BIOCHEMICAL TESTS FOR IDENTIFICATION OF BACTERIA

Oxidation-Fermentation test

This test is done to determine the oxidative or fermentative metabolism of carbohydrate resulting in production of various organic acids as end product. Some bacteria are capable of metabolizing carbohydrates (as exhibited by acid production) only under aerobic conditions, while others produce acid both aerobically and anaerobically. Most medical bacteria are facultative anaerobes.

The test organism was stabbed into the bottom of two sets of tubes with Hugh and Leifson's media, bromothymol blue being the pH indicator. The inoculated medium in one of the tubes was covered with a 10 mm deep layer of sterile paraffin oil. The tubes were then incubated at 37°C for 24 hours. After incubation the tubes were examined for carbohydrate utilization as shown by acid production.

Fermentative organism utilizes the carbohydrate in both the open and sealed tubes as shown by a change in colour of the medium from green to yellow. Oxidative organisms, however, are able to use the carbohydrate only in the open tube.

Indole Production test

This test detects the ability of the organism to produce an enzyme: ‘tryptophanase’ which oxidizes tryptophan to form indolic metabolites: indole, skatole (methyl indole) and indoleacetic acid.

A smooth bacterial colony was stabbed on SIM (Sulphide Indole Motility) medium by a sterile stab wire and the inoculated media was incubated at 37°C for 24 hours. After 24 hours incubation, 0.5 ml of Kovac's reagent was added. Appearance of red color on the top of media indicates indole positive. Indole if present combines with the aldehyde present in the reagent to give a red color in the alcohol layer. The color reaction is based on the presence of the pyrrole structure present in indole.

Methyl Red test

This test is performed to test the ability of an organism to produce sufficient acid from the fermentation of glucose to give a red color with the indicator methyl red (denotes changes in degree of acidity by color reactions over a pH range of 4.4-6.0).

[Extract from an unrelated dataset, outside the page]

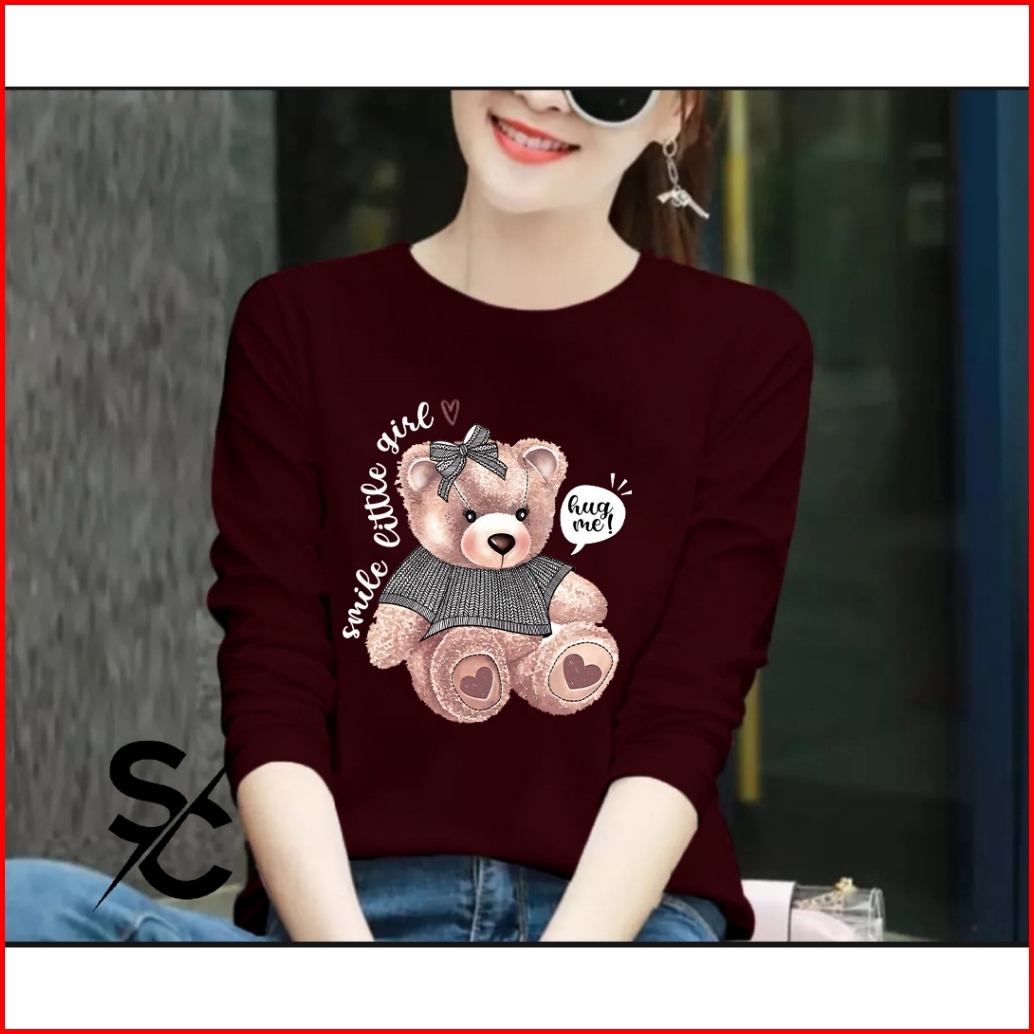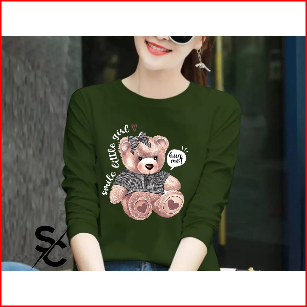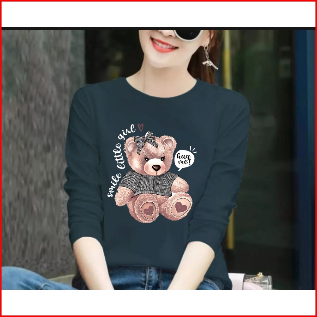 Kaos Hugme Bear Kaos Distro Wanita Lengan Panjang Cotton Combed 24s Basic T-shirt Terbaru

A pure colony of the test organism was inoculated into 2 ml of MRVP medium and was incubated at 37°C for 24 hours. After incubation, about 5 drops of methyl red reagent was added and mixed well. The positive test was indicated by the development of bright red color, indicating acidity.

Voges Proskauer (VP) test

This test is employed to detect the production of acetyl methyl carbinol (a neutral end product) or its reduction product 2, 3-butanidiol during fermentation of carbohydrates. 

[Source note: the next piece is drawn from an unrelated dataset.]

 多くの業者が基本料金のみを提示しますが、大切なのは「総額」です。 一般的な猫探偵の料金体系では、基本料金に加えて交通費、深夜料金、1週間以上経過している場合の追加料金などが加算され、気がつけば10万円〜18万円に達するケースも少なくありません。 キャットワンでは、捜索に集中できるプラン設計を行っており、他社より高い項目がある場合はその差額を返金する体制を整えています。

A pure colony of the test organism was inoculated into 2 ml of MRVP medium and was incubated at 37°C for 24 hours. After incubation, about 5 drops of Barritt's reagent was added and shaken well for maximum aeration and kept for 15 minutes, positive test is indicated by the development of pink red colour.

Citrate Utilization test

This test is performed to detect whether an organism utilizes citrate as a sole source of carbon for metabolism with resulting alkalinity. Organisms capable of utilizing citrate as its sole carbon source also utilizes the ammonium salts present in the medium as its sole nitrogen source, the ammonium salts are broken down to ammonia with resulting alkalinity.

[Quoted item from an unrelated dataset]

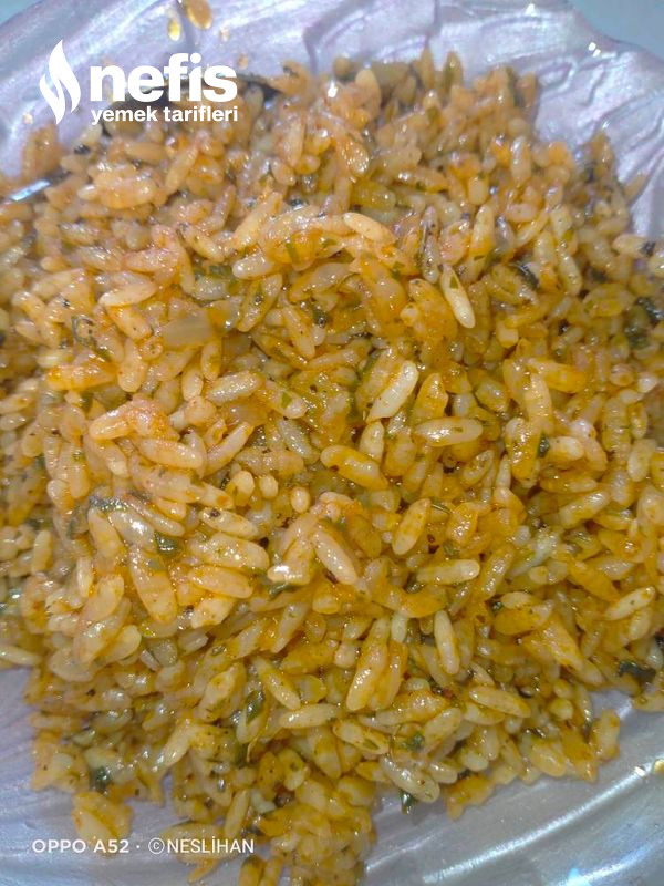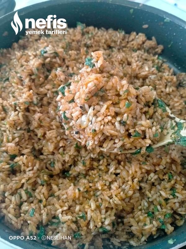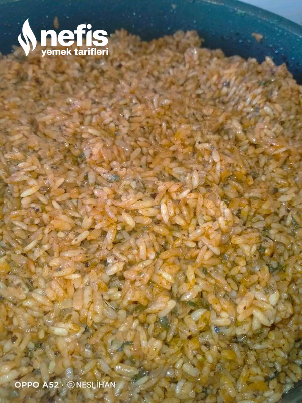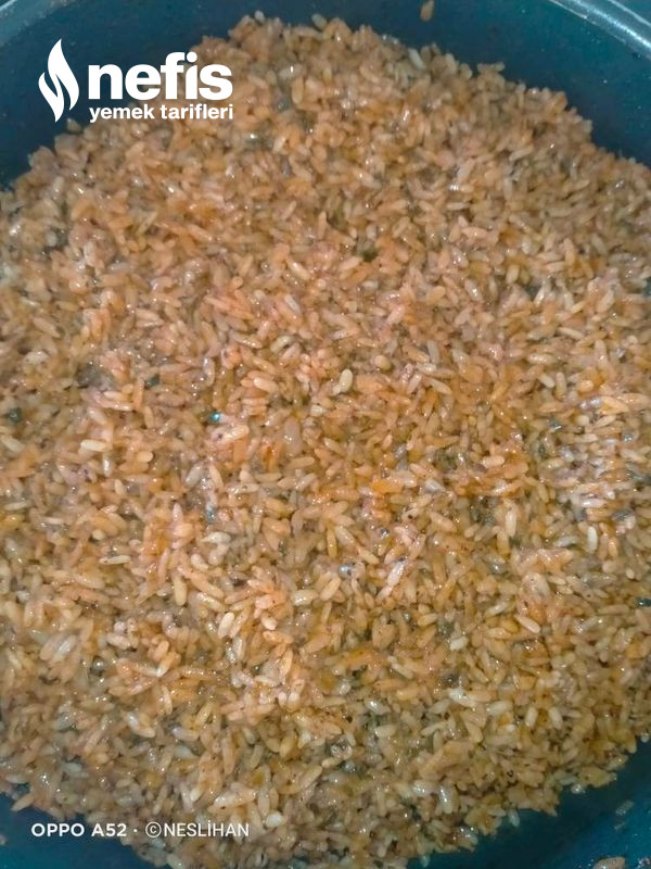 3. Ardından salça ekleyip kavuralım ,sonra baharatları ekleyelim, tuzu ekleyelim, bir iki karıştırdıktan sonra suyu süzülen pirinçleri ekleyelim.

A loopful of test organism was streaked on the slant area of Simmon's Citrate Agar medium and incubated at 37°C for 24 hours. A positive test was indicated by the growth of organism and change of media by green to blue, due to alkaline reaction. The pH indicator bromothymol blue has a pH range of 6.0-7.6, i.e. above pH 7.6; a blue color develops due to alkalinity of the medium.

Motility test

The motility media used for motility test are semisolid, making motility interpretations macroscopic. Motile organisms migrate from the stabline and diffuse into the medium causing turbidity. Whereas non-motile bacteria show the growth along the stabline, and the surrounding media remains colorless and clear.

Triple Sugar Iron (TSI) Agar

The TSI agar is used to determine the ability of an organism to utilize specific carbohydrate incorporated in the medium (glucose, sucrose and lactose in concentrations of 0.1%, 1.0% and 1.0% respectively), with or without the production of gas (indicated by cracks in the media as well as an air gap at the bottom of the tube) along with determination of possible hydrogen sulfide production (detected by production of black color in the medium).

The test organism was streaked and stabbed on the surface of TSI and incubated at 37°C for 24 hours. Acid production limited only to the butt region of the tube is indicative of glucose utilization, while acid production in slant and butt indicates sucrose or lactose fermentation. Phenol red is the pH indicator which gives yellow reaction at acidic pH, and red reaction to indicate an alkaline surrounding.

Urea Hydrolysis test

This test demonstrates the urease activity present in certain bacteria which decomposes urea, releasing ammonia and carbon dioxide. Ammonia thus produced changes the color of indicator incorporated in the medium.

The test organism was inoculated in a medium containing urea and the indicator phenol red. The inoculated medium was incubated at 37°C overnight. Positive organism shows pink red color due to the breakdown of urea to ammonia. With the release of ammonia the medium becomes alkaline as shown by a change in colour of the indicator to pink.